This is an image of the planet Earth. It looks very much like the Apollo pictures that are very well known. There is something different; you can click on it, and if you click on it, you can zoom in on almost any place on the Earth. For instance, this is a bird's-eye view of the EPFL campus. In many cases, you can also see how a building looks from a nearby street. This is pretty amazing. But there's something missing in this wonderful tour: It's time. i'm not really sure when this picture was taken. I'm not even sure it was taken at the same moment as the bird's-eye view. In my lab, we develop tools to travel not only in space but also through time. The kind of question we're asking is Is it possible to build something like Google Maps of the past? Can I add a slider on top of Google Maps and just change the year, seeing how it was 100 years before, 1,000 years before? Is that possible? Can I reconstruct social networks of the past? Can I make a Facebook of the Middle Ages? So, can I build time machines? Maybe we can just say, "No, it's not possible." Or, maybe, we can think of it from an information point of view. This is what I call the information mushroom. Vertically, you have the time. and horizontally, the amount of digital information available. Obviously, in the last 10 years, we have much information. And obviously the more we go in the past, the less information we have. If we want to build something like Google Maps of the past, or Facebook of the past, we need to enlarge this space, we need to make that like a rectangle. How do we do that? One way is digitization. There's a lot of material available -- newspaper, printed books, thousands of printed books. I can digitize all these. I can extract information from these. Of course, the more you go in the past, the less information you will have. So, it might not be enough. So, I can do what historians do. I can extrapolate. This is what we call, in computer science, simulation. If I take a log book, I can consider, it's not just a log book of a Venetian captain going to a particular journey. I can consider it is actually a log book which is representative of many journeys of that period. I'm extrapolating. If I have a painting of a facade, I can consider it's not just that particular building, but probably it also shares the same grammar of buildings where we lost any information.

Für die Konstruktion einer Zeitmaschine brauchen wir also zwei Dinge.

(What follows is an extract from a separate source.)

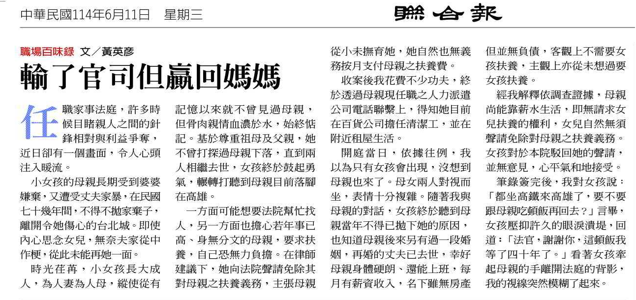 聯合報 文章分享-圓滿的家事案件(免除扶養義務)

Wir brauchen sehr große Archive und großartige Spezialisten. Die "Venice Time Machine", das Projekt, über das ich spreche, ist ein gemeinsames Projekt der EPFL und der Universität Venedig Ca'Foscari.

So if we want to construct a time machine, we need two things. We need very large archives, and we need excellent specialists. The Venice Time Machine, the project I'm going to talk to you about, is a joint project between the EPFL

Etwas sehr Besonderes an Venedig ist, dass die Administration schon immer sehr, sehr bürokratisch gewesen ist. Sie haben alles festgehalten, fast wie Google heute. Im Archivio di Stato gibt es 80 Kilometer Archive, die jeden Aspekt des Lebens in Venedig über mehr als 1000 Jahre dokumentieren. Jedes Boot, das ablegt und ankommt, ist da verzeichnet. Man findet jede Veränderung, die in der Stadt gemacht wurde. Es ist alles da. Wir bauen gerade ein 10-jähriges Digitalisierungsprogramm auf, welches dieses immense Archiv in ein gigantisches Informationssystem verwandeln soll. Eines unserer Ziele ist es, 450 Bücher am Tag digitalisieren zu können. Digitalisieren reicht natürlich nicht aus, weil die meisten Dokumente in Latein, Toskanisch, oder venezianischem Dialekt sind. Sie müssen transkribiert werden, in manchen Fällen übersetzt, sie müssen indiziert werden. Das ist natürlich nicht einfach, besonders, weil traditionelle Schrifterfassungsmethoden für gedruckte Manuskripte nicht gut für Handschriften funktionieren. Die Lösung ist, Inspiration in einem anderen Feld zu suchen: Spracherkennung. Dies ist ein scheinbar unmögliches Gebiet, das tatsächlich funktioniert, wenn man zusätzliche Bedingungen hinzufügt. Hat man von der genutzten Sprache ein sehr gutes Modell, ein sehr gutes Modell von einem Dokument -- wie gut sie strukturiert sind. Dies sind Verwaltungsdokumente. Sie sind in vielen Fällen gut strukturiert. Wenn man dieses riesige Archiv in kleinere Untergruppen aufteilt, in denen kleinere Untergruppen ähnliche Merkmale teilen, dann ist Erfolg möglich.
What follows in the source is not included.